We agreed to start small and found a food court stall within a Strathfield mall. We sold all our businesses and put our money into that, the first Ho Jiak.

The first few months included a lot of learning. I could cook, but I didn’t know how to use a wok – I’d never used one at home, and I’d never managed a commercial kitchen. I was trying to learn how to flip an egg in a wok while at the same time working out everything you need to do to start a business. It was scary. We’d been making good money at Petaling Street, but now we were on our own, and it was quiet. Were we crazy? We focused on consistency. We thought that if we could maintain consistency, we could be successful. That’s how we came up with our own soy sauce blends, sambals and oils – small, simple steps that can give a big boost to flavour. We wanted every dish to be delicious and exactly the same, every time.

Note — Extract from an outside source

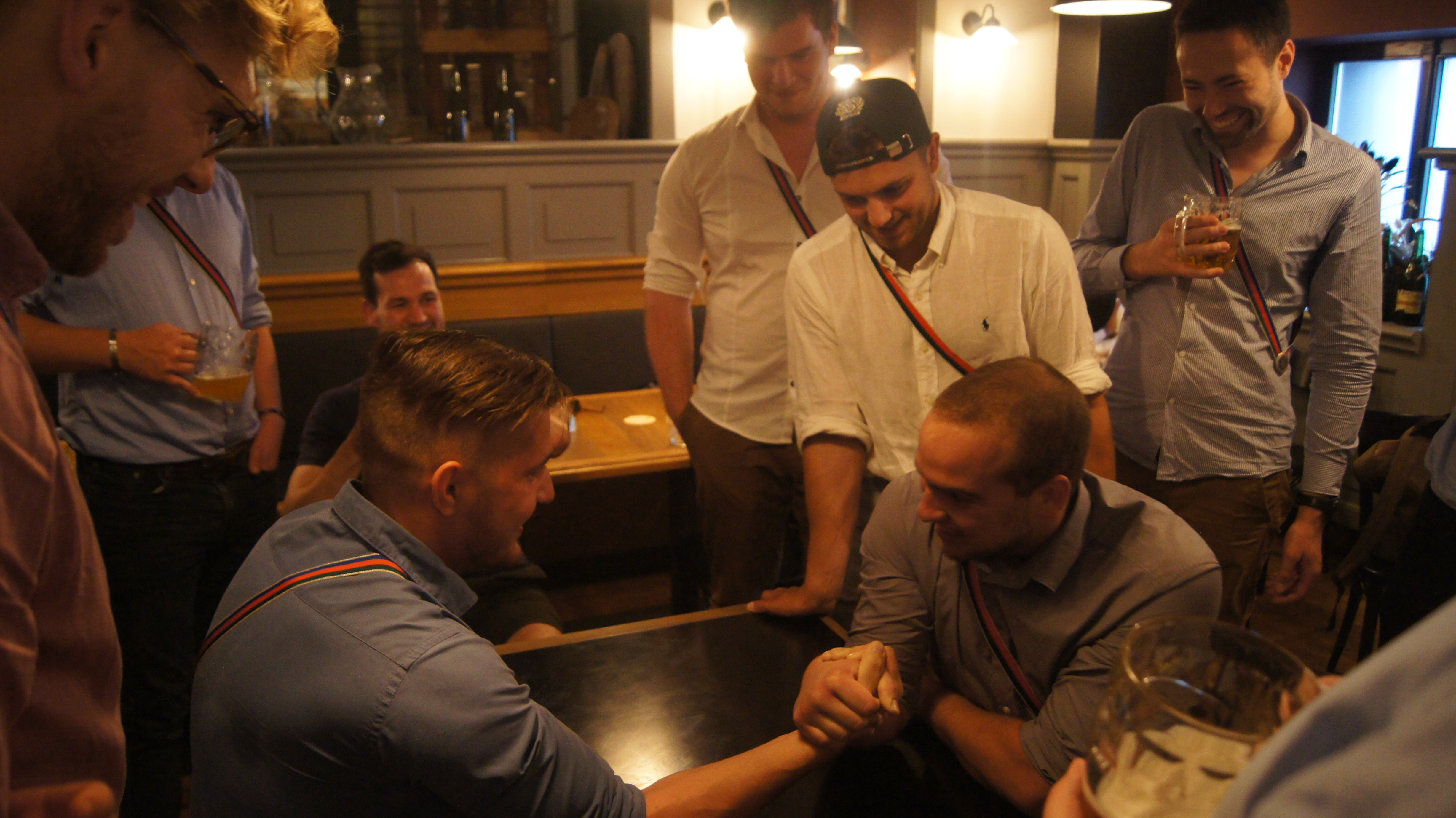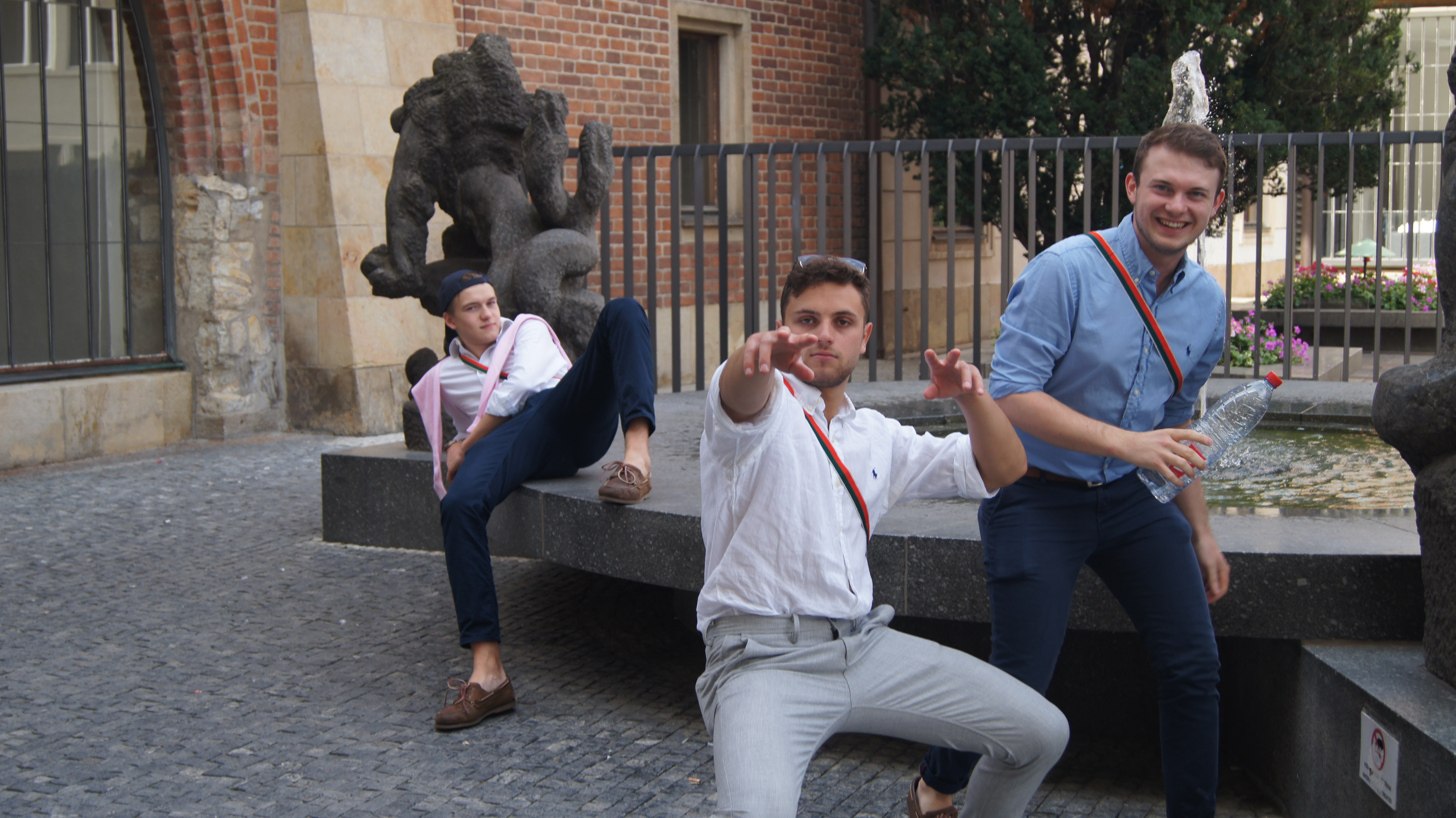 Am nächsten Tag standen ein Besuch der Deutschen Botschaft und eine Führung durch die Kleinseite mit Prager Burg, Veitsdom und Karlsbrücke auf dem Plan. Zwischen historischen Eindrücken und lockeren Anekdoten unserer Führerin blieb genug Raum für Schabernack und spontane Fotomomente. Natürlich durfte auch das Feiern nicht fehlen. Abends zogen wir durch die Altstadt, ließen uns in Kellerkneipen nieder und lieferten uns beim „Duell um Prag“ ein legendäres Kräftemessen zwischen Aktiven und Alten Herren. Spiele, Wettkämpfe und jede Menge Gelächter machten daraus ein echtes Highlight.

I think about it like the theatre. I love theatre, and I watch a lot of plays. Those artists practice, practice and practice. Some have a show at 11 a.m., a show at 3 p.m. and a show at 8 p.m., and they do that for months. They might do it a thousand times, the same thing over and over again. But for the audience, it’s their first time, every time. Over the years, how many char kway teows have I made? It must be in the hundreds of thousands, but for whoever is eating my char kway teow, it might be their very first time, so I am going to give them the best show I can.